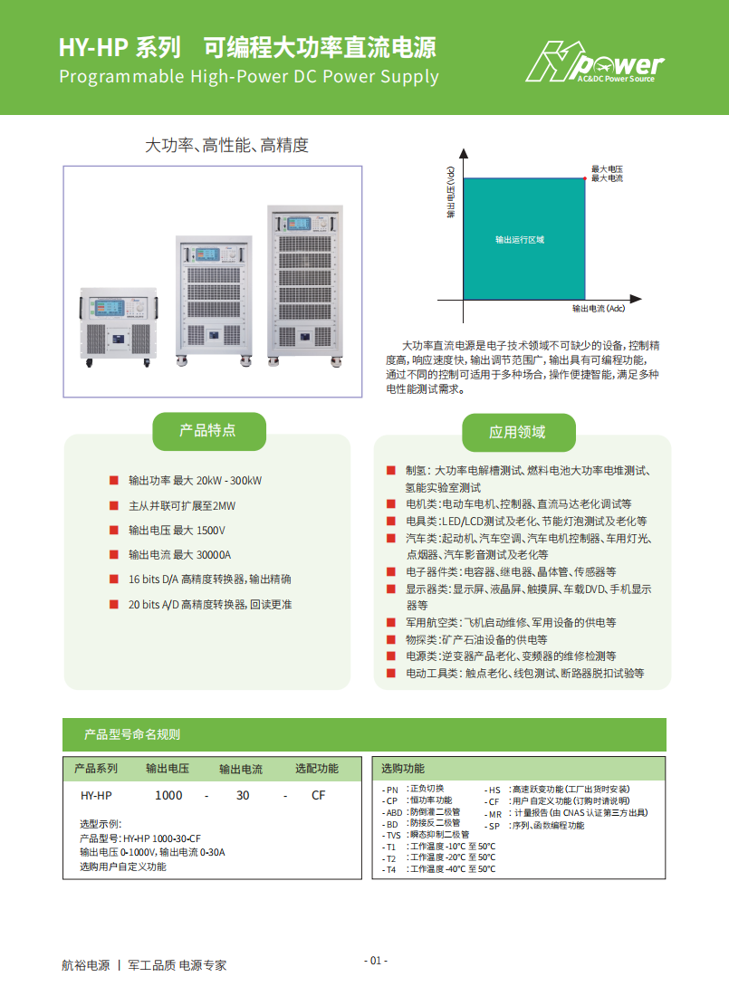 大功率直流电源是电子技术领域不可缺少的设备,控制精度高,响应速度快,输出调节范围广,输出具有可编程功能,通过不同的控制可适用于多种场合,操作便捷智能,满足多种电性能测试需求。
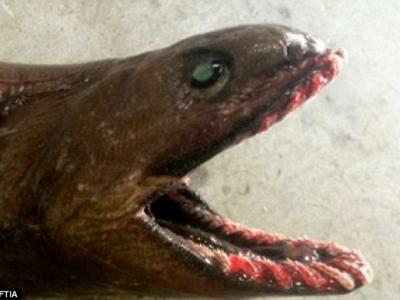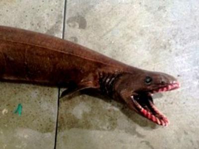 皱鳃鲨外表骇人,其祖先可追溯至8千万年前。 皱鳃鲨有多达300只尖牙 渔民在...
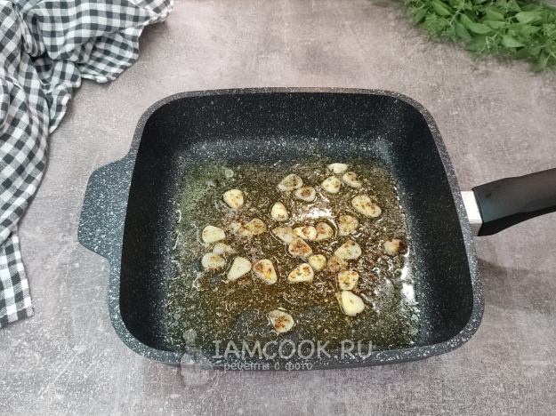 В сковороде на смеси масел на среднем огне обжарьте чеснок и специи.
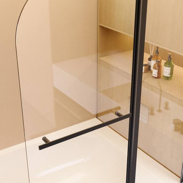 43.15 in. W x 58 in. H Pivot Semi-Frameless Tub Door in Matte Black with Tempered Clear Glass
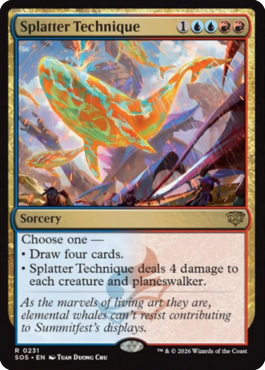 ・Splatter Techniqueは各クリーチャーと各プレインズウォーカーに4点のダメージを与える。 |
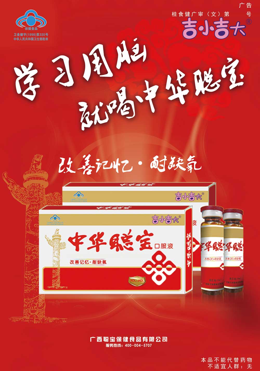 中華聰寶口服液是以黃芪、茯苓、山蓮藕等天然植物為主要原料,經(jīng)先進(jìn)生產(chǎn)工藝精制而成的保健食品。本品功能實(shí)驗(yàn)證實(shí)可提高記憶商數(shù),具有改善記憶的保健作用,本品還可提高機(jī)體對(duì)缺氧環(huán)境的耐受能力,具有耐缺氧的保護(hù)作用。
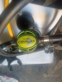 Due bombole da sub 18 litri e una da 15 litri completa di tutto erogatore più schienale entrambi le bombole.non spedisco solo ritiro a mano
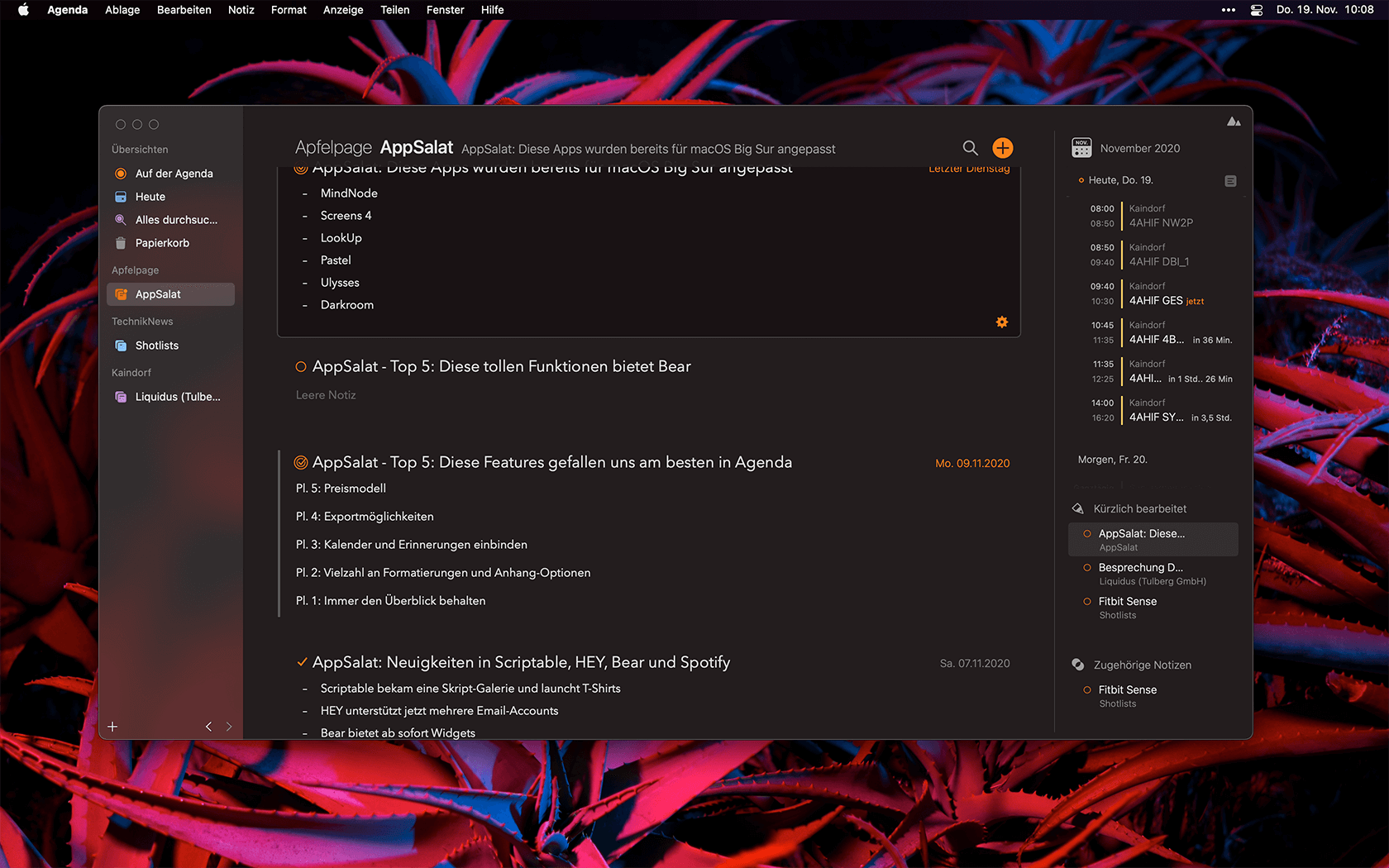 Am Ende kann man jedoch getrost resümieren, dass regelmäßige „Notizen-Schreiber“ Agenda einmal ausprobieren sollten. Gerade, wenn einem die derzeit verwendete Notizen-App zu einfach gestrickt ist. Agenda macht den anspruchsvolleren Nutzer produktiver und den Workflow effizienter. Und darum geht es am Ende doch, oder?

■ ■ ■ ■ ■ ■ ■

EXERCISE GOAL >>
No pictures belong in the copy. Transcribe every entry exactly.

WRITTEN ANSWER >>
 大功率直流电源是电子技术领域不可缺少的设备,控制精度高,响应速度快,输出调节范围广,输出具有可编程功能,通过不同的控制可适用于多种场合,操作便捷智能,满足多种电性能测试需求。
 皱鳃鲨外表骇人,其祖先可追溯至8千万年前。 皱鳃鲨有多达300只尖牙 渔民在...
 В сковороде на смеси масел на среднем огне обжарьте чеснок и специи.
 43.15 in. W x 58 in. H Pivot Semi-Frameless Tub Door in Matte Black with Tempered Clear Glass
 ・Splatter Techniqueは各クリーチャーと各プレインズウォーカーに4点のダメージを与える。 |
 中華聰寶口服液是以黃芪、茯苓、山蓮藕等天然植物為主要原料,經(jīng)先進(jìn)生產(chǎn)工藝精制而成的保健食品。本品功能實(shí)驗(yàn)證實(shí)可提高記憶商數(shù),具有改善記憶的保健作用,本品還可提高機(jī)體對(duì)缺氧環(huán)境的耐受能力,具有耐缺氧的保護(hù)作用。
 Due bombole da sub 18 litri e una da 15 litri completa di tutto erogatore più schienale entrambi le bombole.non spedisco solo ritiro a mano
 Am Ende kann man jedoch getrost resümieren, dass regelmäßige „Notizen-Schreiber“ Agenda einmal ausprobieren sollten. Gerade, wenn einem die derzeit verwendete Notizen-App zu einfach gestrickt ist. Agenda macht den anspruchsvolleren Nutzer produktiver und den Workflow effizienter. Und darum geht es am Ende doch, oder?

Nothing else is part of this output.